== YOUR TASK ==
Count every line in the data below where "Astoreca" occurs, then state that number and nothing more.

== DATASET ENTRIES ==
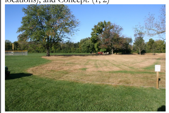
Activity Center Park- Established September 2014

Ohio Pollinator Habitat Initiative- We recently completed the planting of approximately 30 acres of new "native" pollinator habitat at Bill Yeck Park this past month. Additionally, new pollinator habitats were established at the following parks: Yankee, Iron Horse, Little Woods, Stansel, Weatherstone, Grant Park (Normandy T and Grants Trail locations), and Concept. (1, 2)
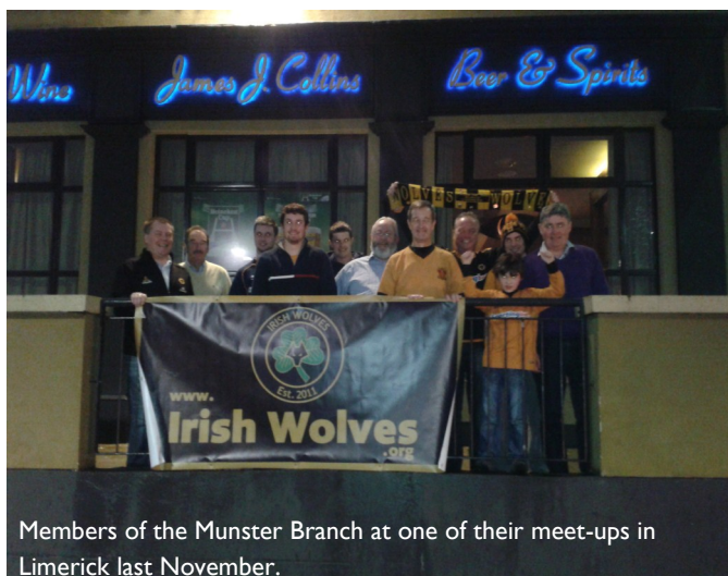
Members of the Munster Branch at one of their meet-ups in Limerick last November.
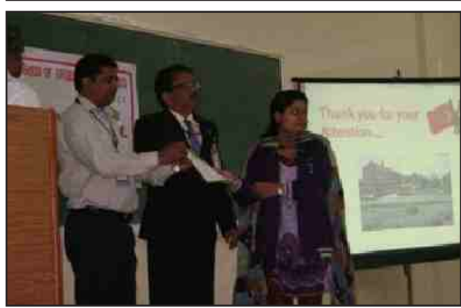
Papers and posters presented at ICER 13, Aurangabad
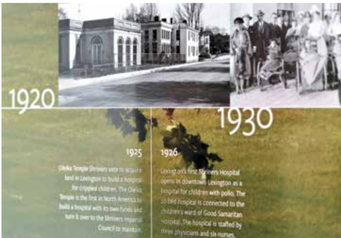
Shriners began at Good Samaritan Hospital, then moved to a dedicated building on Richmond Road.
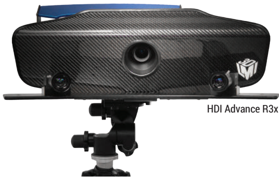
HDI Advance R3x

The HDI Advance Macro Scanner Kit is an add-on accessory to the HDI Advance R3x for scanning extremely small objects such as tips of syringes, screws and bolts, and small insects with high precision accuracy.
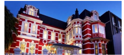
Hotel Palacio Astoreca

Overnight at Palacio Astoreca Hotel in Valparaíso ★★☆☆
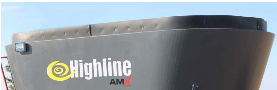
Installed Tub Extension
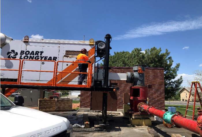
Generator and pump discharge head.

== SOLUTION FOR THIS TASK ==
2